• Dataset extract
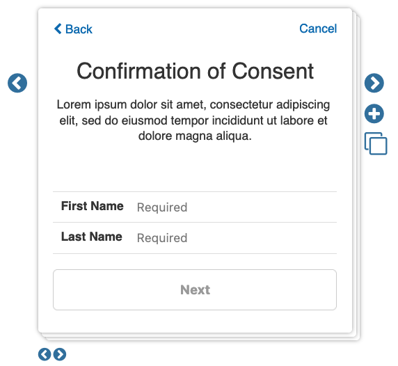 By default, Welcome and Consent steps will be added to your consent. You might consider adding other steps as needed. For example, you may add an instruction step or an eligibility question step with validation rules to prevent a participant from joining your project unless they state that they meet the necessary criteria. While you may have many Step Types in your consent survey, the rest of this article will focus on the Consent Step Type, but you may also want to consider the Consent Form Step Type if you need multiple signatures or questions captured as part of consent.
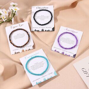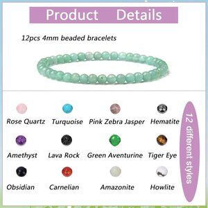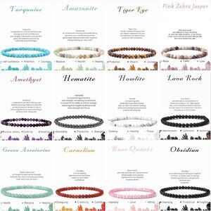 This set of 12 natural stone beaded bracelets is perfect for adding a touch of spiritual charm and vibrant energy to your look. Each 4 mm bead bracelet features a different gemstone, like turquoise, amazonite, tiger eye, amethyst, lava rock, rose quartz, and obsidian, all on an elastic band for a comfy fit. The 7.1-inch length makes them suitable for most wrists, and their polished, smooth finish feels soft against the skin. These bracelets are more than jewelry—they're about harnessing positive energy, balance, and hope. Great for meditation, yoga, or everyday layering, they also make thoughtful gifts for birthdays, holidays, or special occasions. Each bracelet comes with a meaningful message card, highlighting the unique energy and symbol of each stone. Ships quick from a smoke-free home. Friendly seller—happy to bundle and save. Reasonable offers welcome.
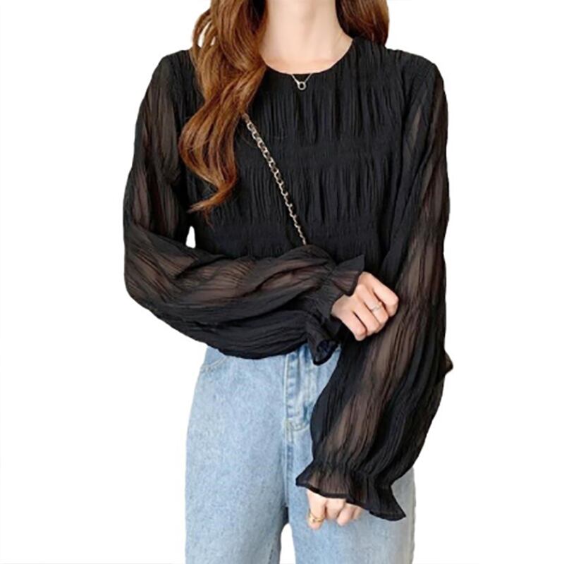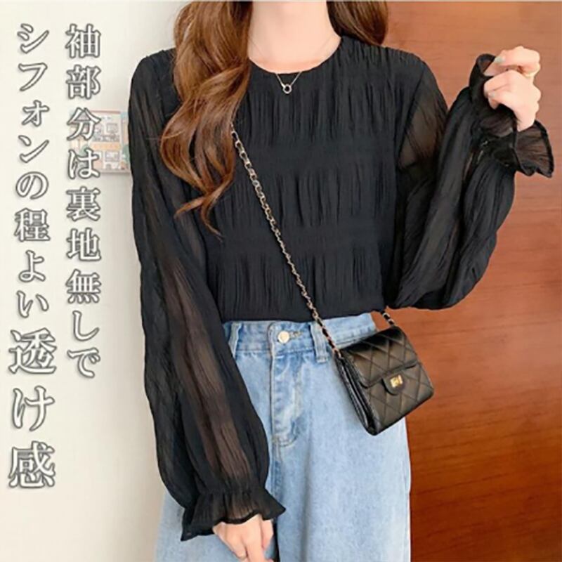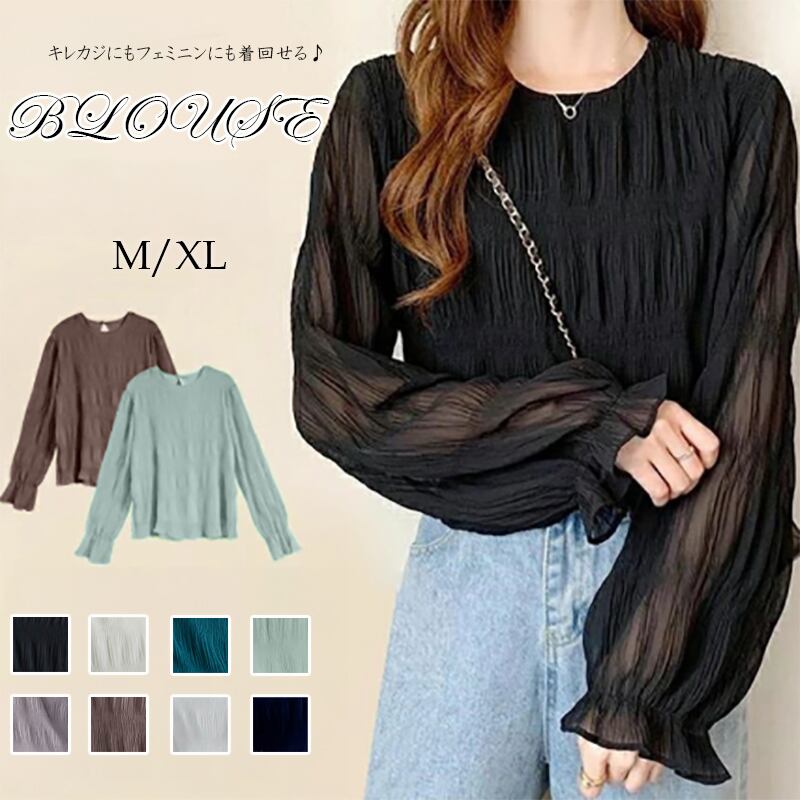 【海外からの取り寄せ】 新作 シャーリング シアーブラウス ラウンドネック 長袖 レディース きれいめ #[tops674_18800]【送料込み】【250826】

• Your goal
Print out all the material above exactly as it appears, omitting the images.

• Task result
 By default, Welcome and Consent steps will be added to your consent. You might consider adding other steps as needed. For example, you may add an instruction step or an eligibility question step with validation rules to prevent a participant from joining your project unless they state that they meet the necessary criteria. While you may have many Step Types in your consent survey, the rest of this article will focus on the Consent Step Type, but you may also want to consider the Consent Form Step Type if you need multiple signatures or questions captured as part of consent.
 This set of 12 natural stone beaded bracelets is perfect for adding a touch of spiritual charm and vibrant energy to your look. Each 4 mm bead bracelet features a different gemstone, like turquoise, amazonite, tiger eye, amethyst, lava rock, rose quartz, and obsidian, all on an elastic band for a comfy fit. The 7.1-inch length makes them suitable for most wrists, and their polished, smooth finish feels soft against the skin. These bracelets are more than jewelry—they're about harnessing positive energy, balance, and hope. Great for meditation, yoga, or everyday layering, they also make thoughtful gifts for birthdays, holidays, or special occasions. Each bracelet comes with a meaningful message card, highlighting the unique energy and symbol of each stone. Ships quick from a smoke-free home. Friendly seller—happy to bundle and save. Reasonable offers welcome.
 【海外からの取り寄せ】 新作 シャーリング シアーブラウス ラウンドネック 長袖 レディース きれいめ #[tops674_18800]【送料込み】【250826】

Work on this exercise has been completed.